[Dataset items]
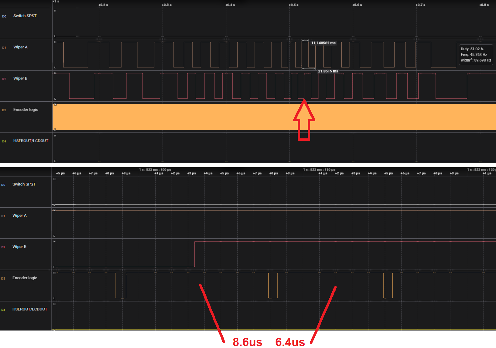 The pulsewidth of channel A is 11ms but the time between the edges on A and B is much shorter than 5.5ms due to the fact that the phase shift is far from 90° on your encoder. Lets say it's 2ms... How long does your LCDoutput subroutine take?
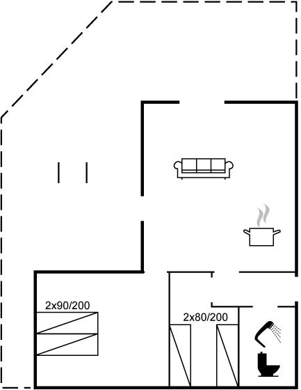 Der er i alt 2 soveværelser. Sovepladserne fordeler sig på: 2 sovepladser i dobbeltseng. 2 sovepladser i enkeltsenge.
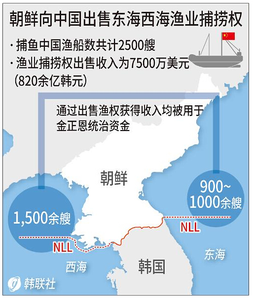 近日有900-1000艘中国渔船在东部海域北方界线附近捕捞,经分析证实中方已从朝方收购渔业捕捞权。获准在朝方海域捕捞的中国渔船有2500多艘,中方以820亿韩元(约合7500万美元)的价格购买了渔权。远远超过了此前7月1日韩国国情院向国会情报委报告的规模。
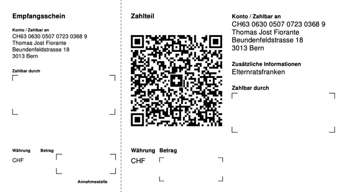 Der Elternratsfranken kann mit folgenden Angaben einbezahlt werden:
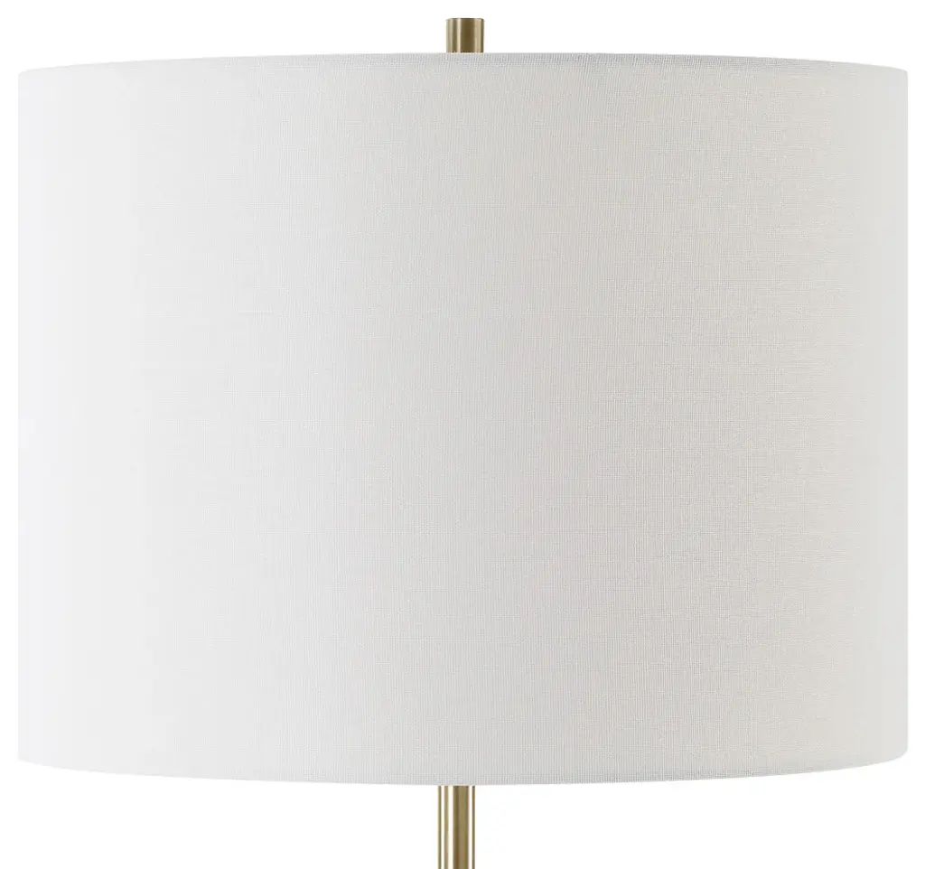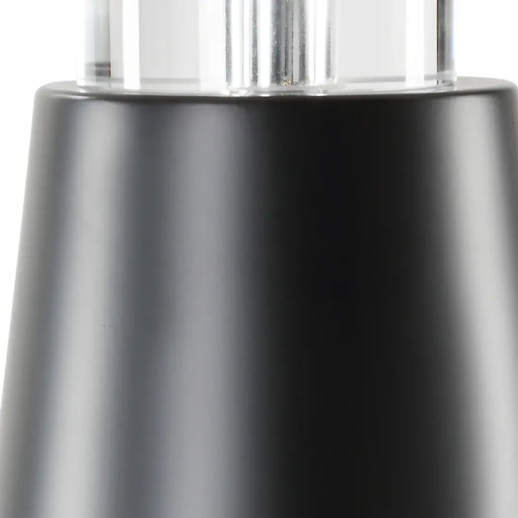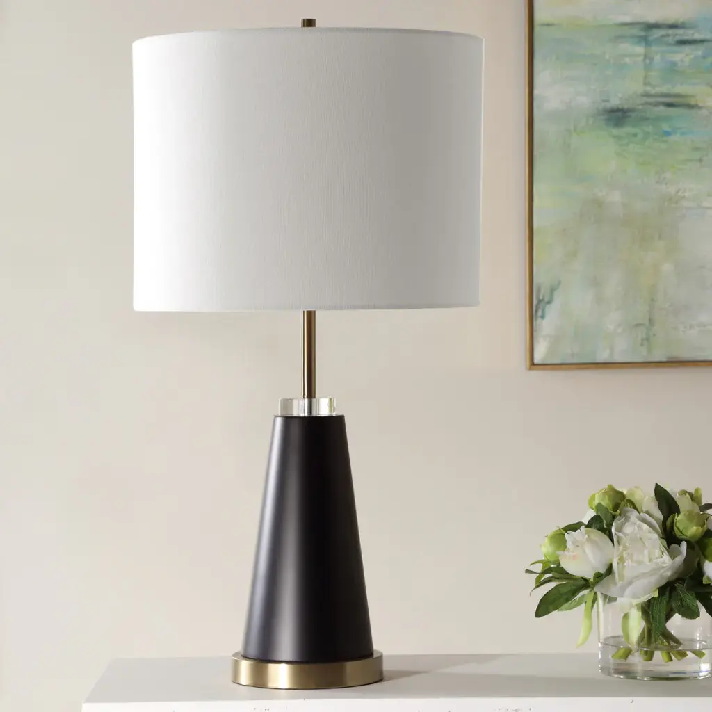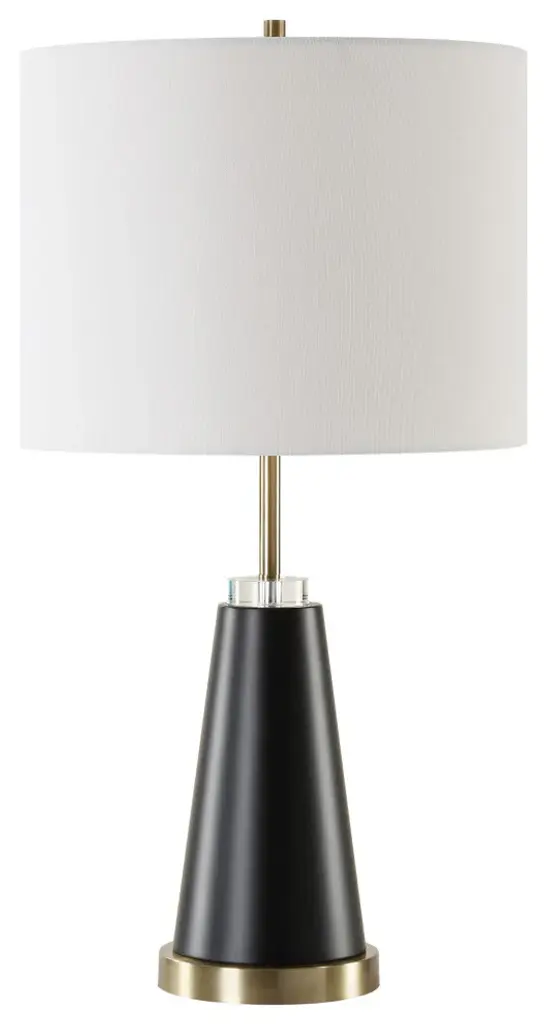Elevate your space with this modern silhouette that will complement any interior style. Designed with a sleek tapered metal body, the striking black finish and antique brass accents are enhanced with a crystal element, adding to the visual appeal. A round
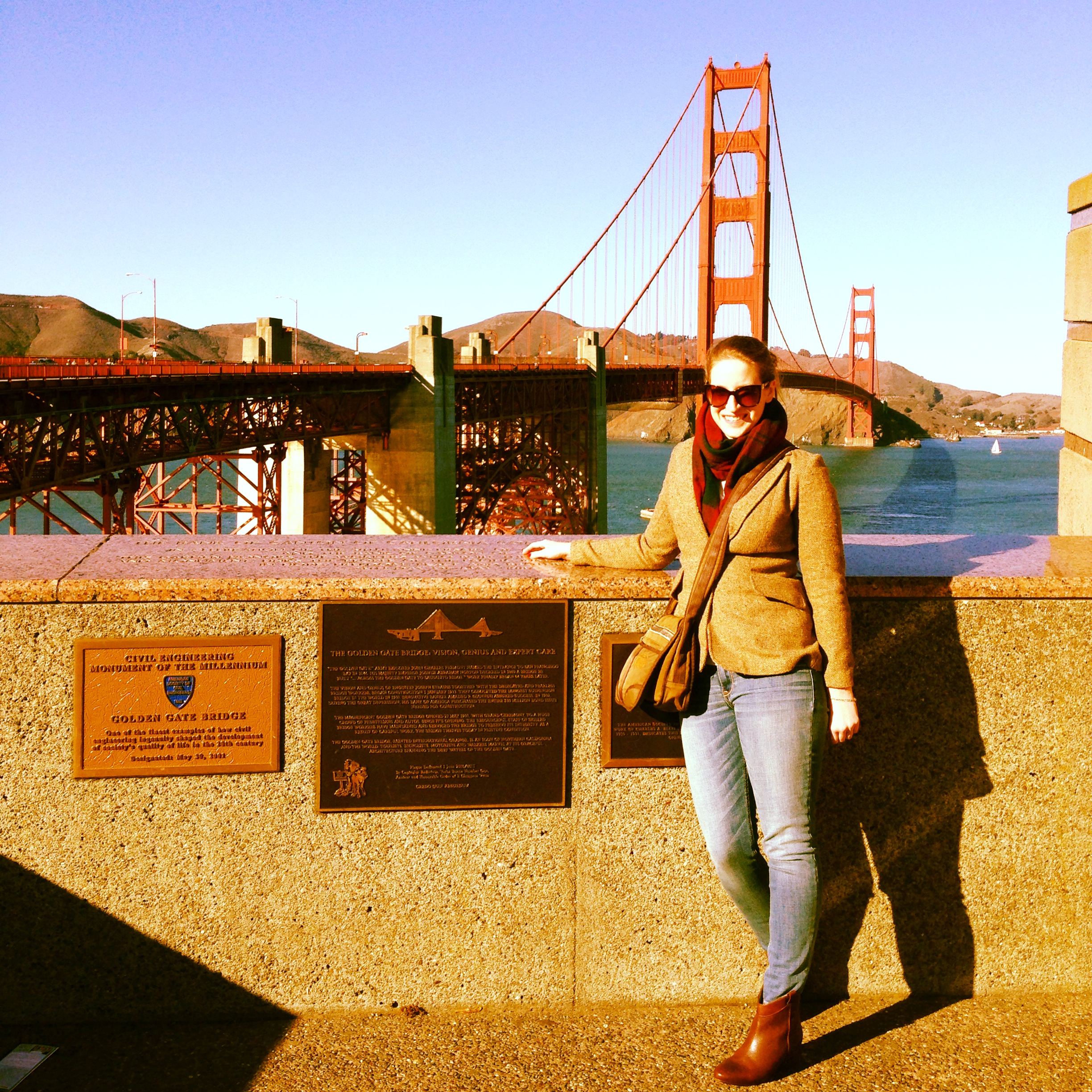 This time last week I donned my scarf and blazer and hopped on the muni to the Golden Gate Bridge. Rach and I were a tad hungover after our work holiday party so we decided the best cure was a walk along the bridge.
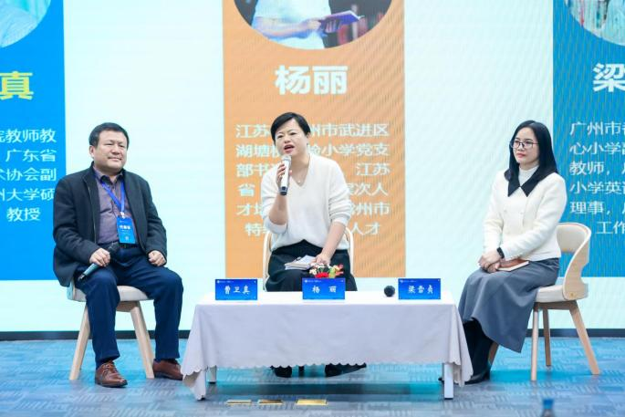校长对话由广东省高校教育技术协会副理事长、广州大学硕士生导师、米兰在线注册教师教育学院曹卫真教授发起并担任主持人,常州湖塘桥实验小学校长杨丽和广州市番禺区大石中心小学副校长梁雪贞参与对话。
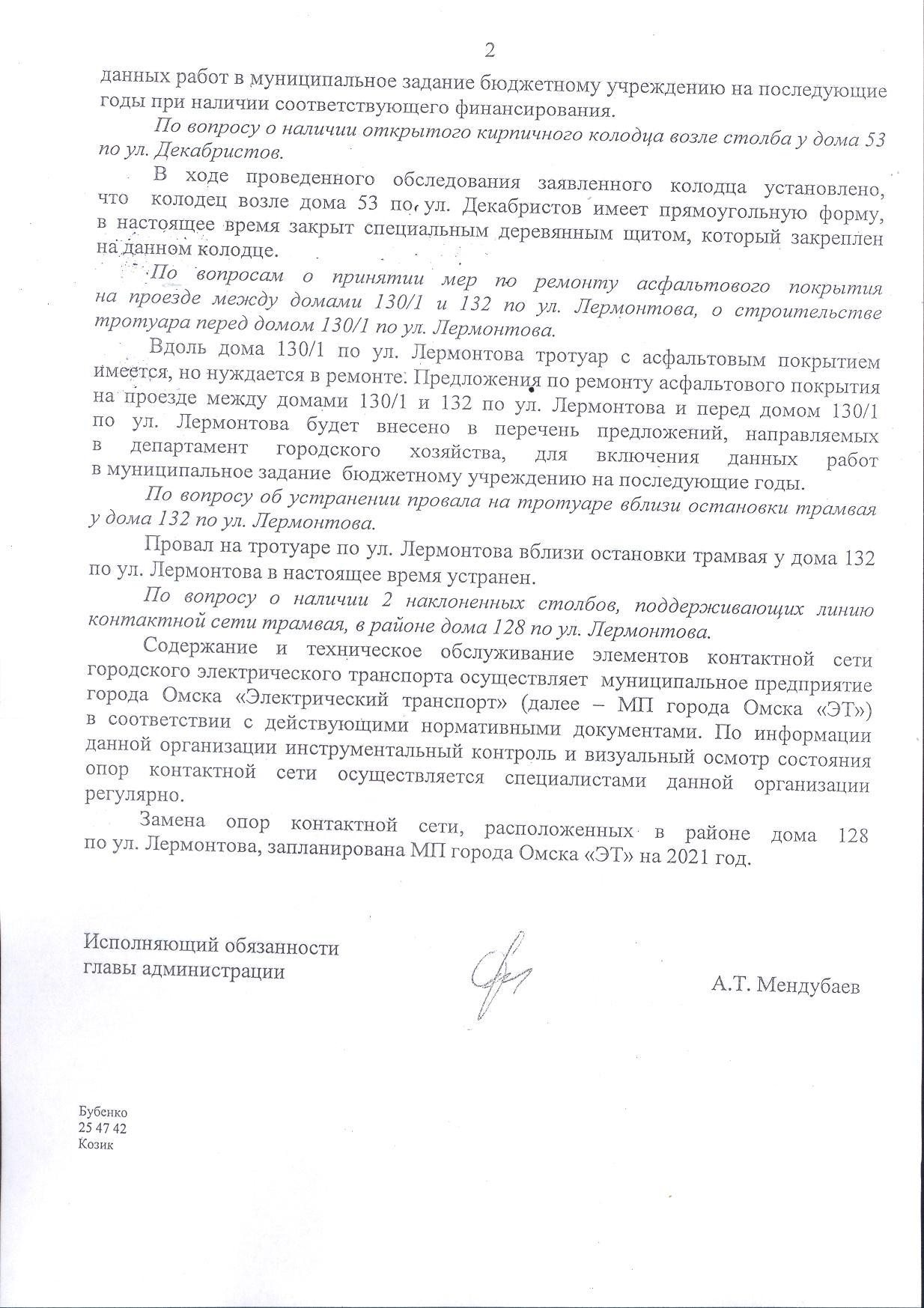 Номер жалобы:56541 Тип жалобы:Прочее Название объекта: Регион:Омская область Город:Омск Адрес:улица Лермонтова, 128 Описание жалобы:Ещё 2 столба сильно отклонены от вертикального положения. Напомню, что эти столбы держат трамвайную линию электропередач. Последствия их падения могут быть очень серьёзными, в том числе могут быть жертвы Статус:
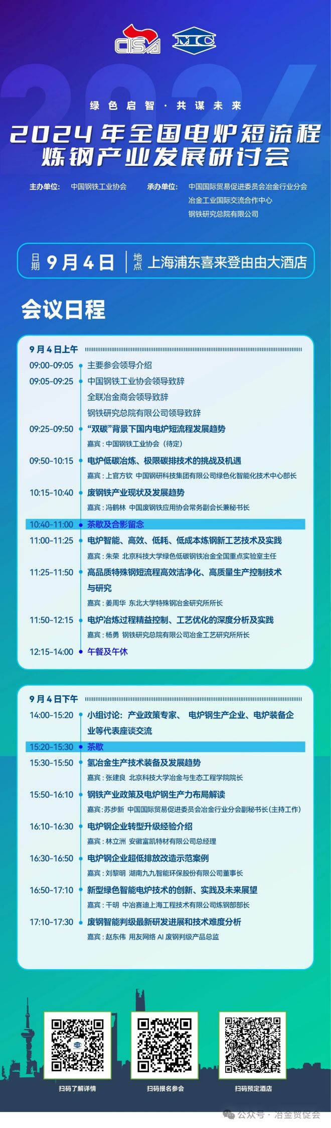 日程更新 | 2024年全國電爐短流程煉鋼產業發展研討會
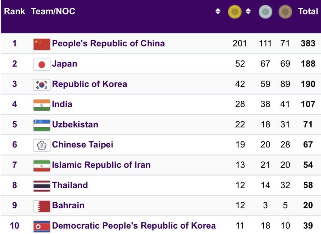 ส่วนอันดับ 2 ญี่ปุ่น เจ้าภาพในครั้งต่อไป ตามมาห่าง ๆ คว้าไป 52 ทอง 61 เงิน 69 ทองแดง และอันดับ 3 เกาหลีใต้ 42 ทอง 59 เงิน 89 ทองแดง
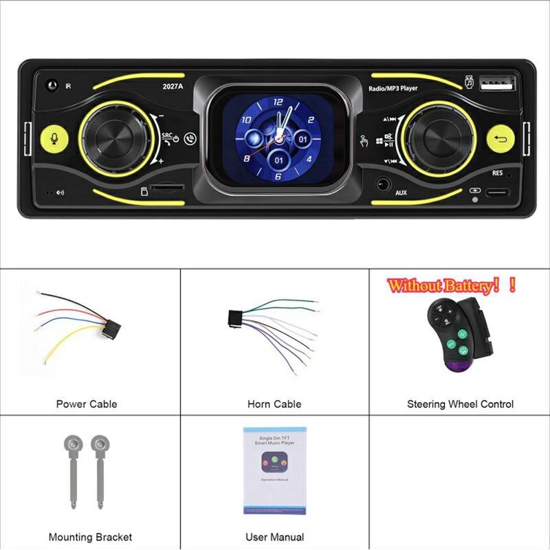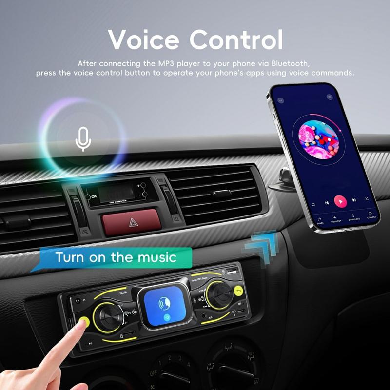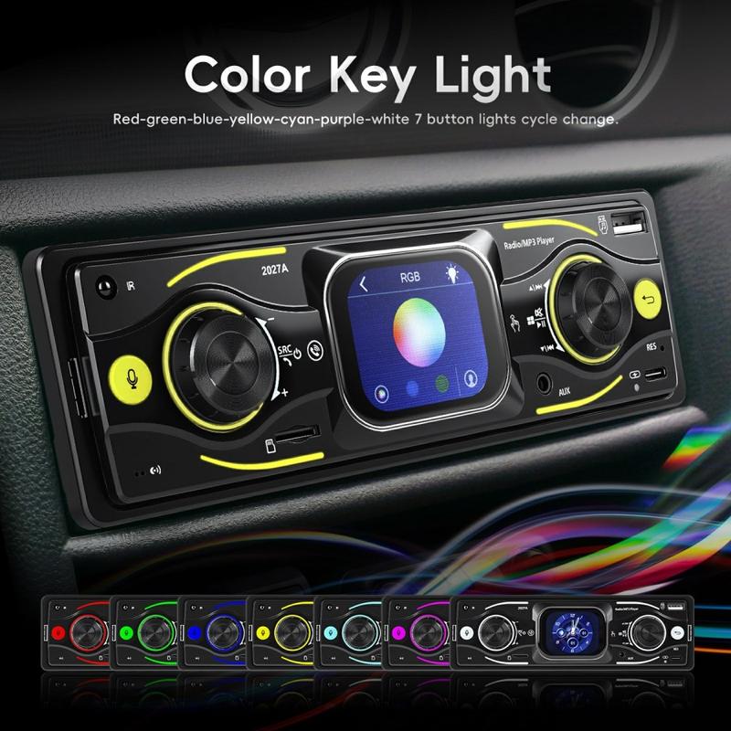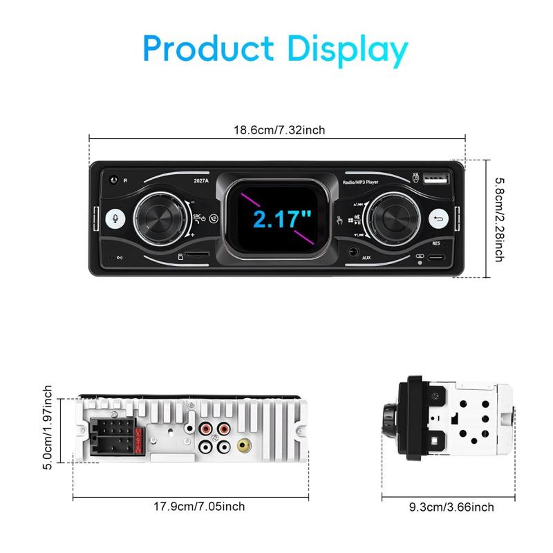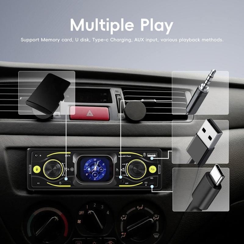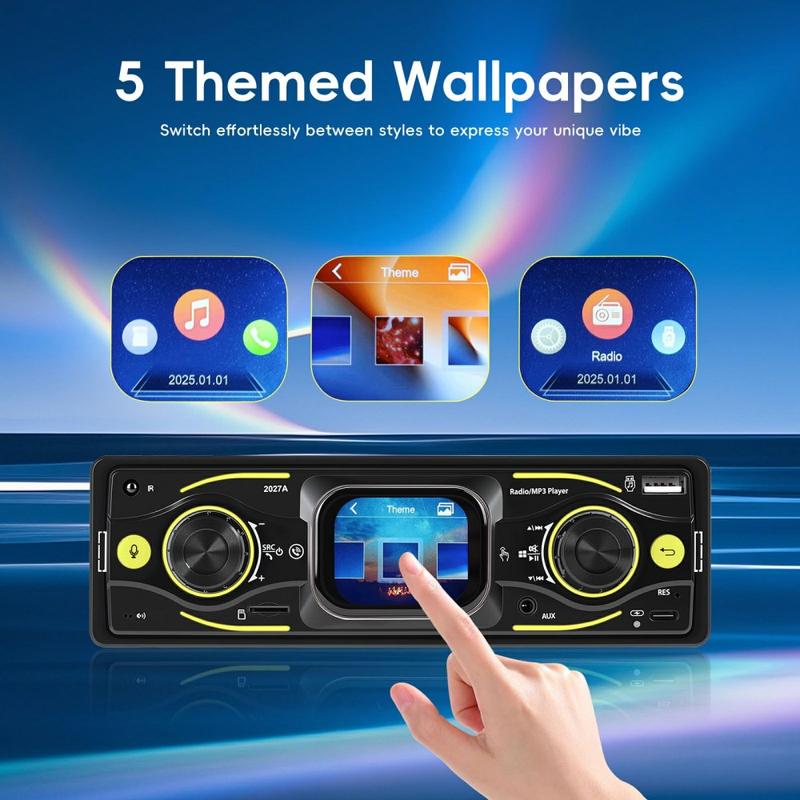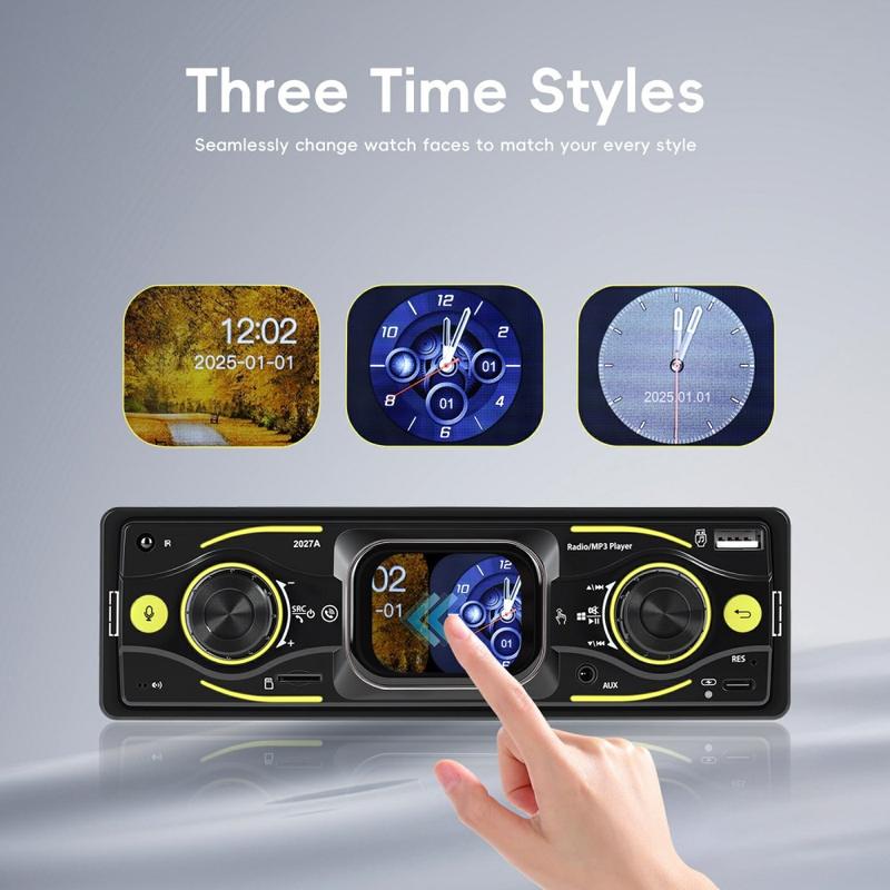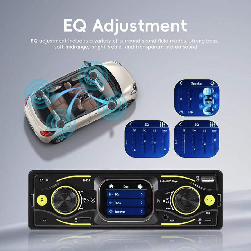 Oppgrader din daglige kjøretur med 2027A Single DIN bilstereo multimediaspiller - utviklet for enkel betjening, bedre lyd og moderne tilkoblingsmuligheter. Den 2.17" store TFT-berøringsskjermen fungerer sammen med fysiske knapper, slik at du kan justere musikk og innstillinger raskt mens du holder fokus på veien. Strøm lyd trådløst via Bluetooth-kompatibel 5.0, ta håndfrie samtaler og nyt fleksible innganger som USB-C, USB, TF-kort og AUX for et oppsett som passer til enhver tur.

Problem statement: Please set down the lines above word for word and leave out the pictures.

Answer for the task:
 The pulsewidth of channel A is 11ms but the time between the edges on A and B is much shorter than 5.5ms due to the fact that the phase shift is far from 90° on your encoder. Lets say it's 2ms... How long does your LCDoutput subroutine take?
 Der er i alt 2 soveværelser. Sovepladserne fordeler sig på: 2 sovepladser i dobbeltseng. 2 sovepladser i enkeltsenge.
 近日有900-1000艘中国渔船在东部海域北方界线附近捕捞,经分析证实中方已从朝方收购渔业捕捞权。获准在朝方海域捕捞的中国渔船有2500多艘,中方以820亿韩元(约合7500万美元)的价格购买了渔权。远远超过了此前7月1日韩国国情院向国会情报委报告的规模。
 Der Elternratsfranken kann mit folgenden Angaben einbezahlt werden:
Elevate your space with this modern silhouette that will complement any interior style. Designed with a sleek tapered metal body, the striking black finish and antique brass accents are enhanced with a crystal element, adding to the visual appeal. A round
 This time last week I donned my scarf and blazer and hopped on the muni to the Golden Gate Bridge. Rach and I were a tad hungover after our work holiday party so we decided the best cure was a walk along the bridge.
校长对话由广东省高校教育技术协会副理事长、广州大学硕士生导师、米兰在线注册教师教育学院曹卫真教授发起并担任主持人,常州湖塘桥实验小学校长杨丽和广州市番禺区大石中心小学副校长梁雪贞参与对话。
 Номер жалобы:56541 Тип жалобы:Прочее Название объекта: Регион:Омская область Город:Омск Адрес:улица Лермонтова, 128 Описание жалобы:Ещё 2 столба сильно отклонены от вертикального положения. Напомню, что эти столбы держат трамвайную линию электропередач. Последствия их падения могут быть очень серьёзными, в том числе могут быть жертвы Статус:
 日程更新 | 2024年全國電爐短流程煉鋼產業發展研討會
 ส่วนอันดับ 2 ญี่ปุ่น เจ้าภาพในครั้งต่อไป ตามมาห่าง ๆ คว้าไป 52 ทอง 61 เงิน 69 ทองแดง และอันดับ 3 เกาหลีใต้ 42 ทอง 59 เงิน 89 ทองแดง
 Oppgrader din daglige kjøretur med 2027A Single DIN bilstereo multimediaspiller - utviklet for enkel betjening, bedre lyd og moderne tilkoblingsmuligheter. Den 2.17" store TFT-berøringsskjermen fungerer sammen med fysiske knapper, slik at du kan justere musikk og innstillinger raskt mens du holder fokus på veien. Strøm lyd trådløst via Bluetooth-kompatibel 5.0, ta håndfrie samtaler og nyt fleksible innganger som USB-C, USB, TF-kort og AUX for et oppsett som passer til enhver tur.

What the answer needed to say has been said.